--- What you are asked to do ---
Whatever lies between the line that holds "The course includes" and the final line of the records below, both included, should be repeated exactly; leave out the pictures and add nothing.

+++

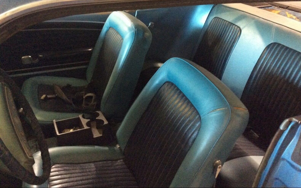 The seller suggests that this Mustang, “needs restoration and bodywork“. Well, the Brittany Blue (code Q) paint is obviously flaking away and there is an abundance of surface rust but it’s hard to tell how invasive it may be. The seller does mention that the driver’s side footwell has rust and even the bumpers haven’t escaped the start of corrosion. There is no reference made as to this Mustang’s storage quarters but it’s easy to imagine that it was a damp environment. Nevertheless, the exterior is not showing signs of crash damage.
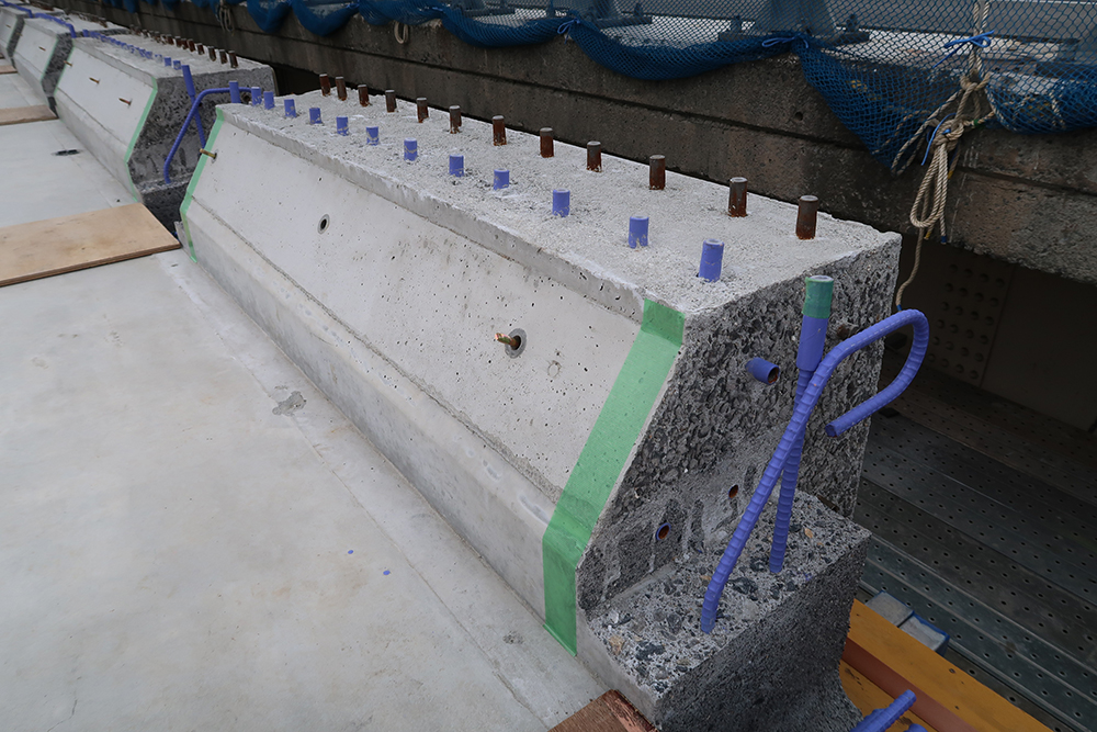 そうした点を踏まえて、プレキャストPC床版への全面取替えに際しては橋梁の全幅員をひとつのプレキャスト部材として製作。さらに現場付近の一次コンクリート施工ヤードで地覆の立ち上がり部、高さ約17cmを予め施工して現場に搬入することで、工期短縮を図るとともに、弱点となる床版と地覆の目地部の品質を向上させている。PC床版の埋込鉄筋及び間詰部の鉄筋についてはエポキシ樹脂塗装鉄筋、床版防水は高性能床版防水(グレードⅡ)を採用するなど耐久性向上に努めている。
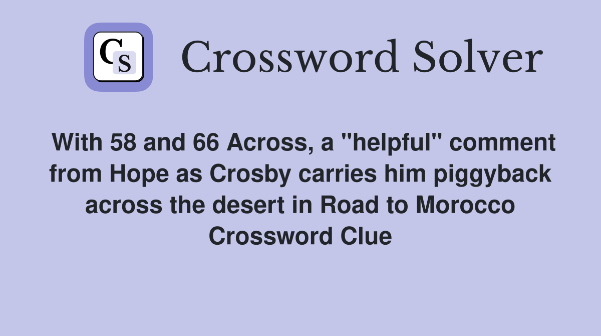 With 58 and 66 Across a quot helpful quot comment from Hope as Crosby carries
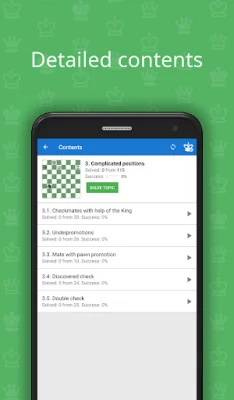 The course includes a free part that allows you to test the program before purchasing the full version. The free lessons are fully functional and cover topics such as checkmates with different pieces, complicated positions, and underpromotions. The full version includes even more lessons, divided into volumes for easy navigation and learning. You can also link the app to a free Chess King account and access the course from multiple devices. The app is also adapted for tablet screens and does not require an internet connection.
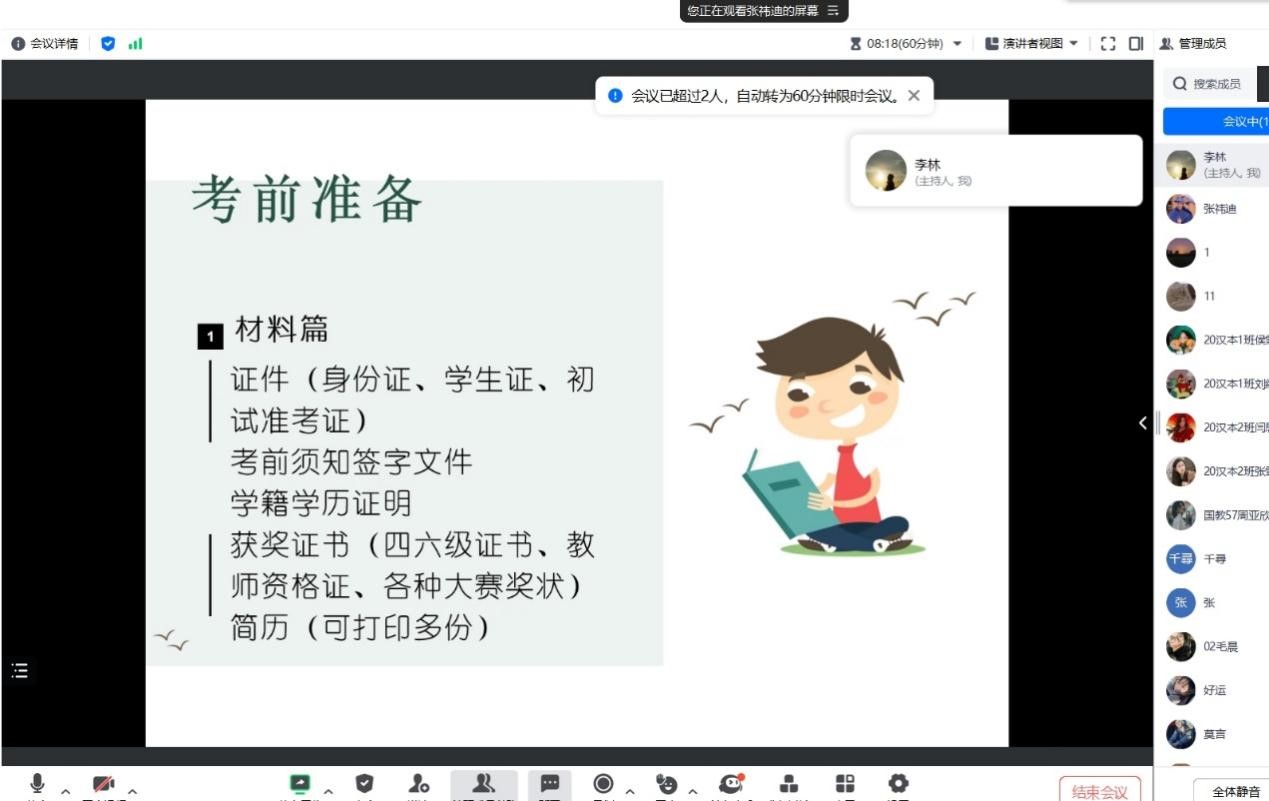 手握复试“入场券”,如何从众多考生中脱颖而出?为缓解考研学子的备考压力,3月13日,我院文学教研室主办了2024届语言文学类考研复试指导会。本次指导会由19级国教1班张祎迪同学及文学教研室李林林老师主讲。

+++

--- Result ---
 The course includes a free part that allows you to test the program before purchasing the full version. The free lessons are fully functional and cover topics such as checkmates with different pieces, complicated positions, and underpromotions. The full version includes even more lessons, divided into volumes for easy navigation and learning. You can also link the app to a free Chess King account and access the course from multiple devices. The app is also adapted for tablet screens and does not require an internet connection.
 手握复试“入场券”,如何从众多考生中脱颖而出?为缓解考研学子的备考压力,3月13日,我院文学教研室主办了2024届语言文学类考研复试指导会。本次指导会由19级国教1班张祎迪同学及文学教研室李林林老师主讲。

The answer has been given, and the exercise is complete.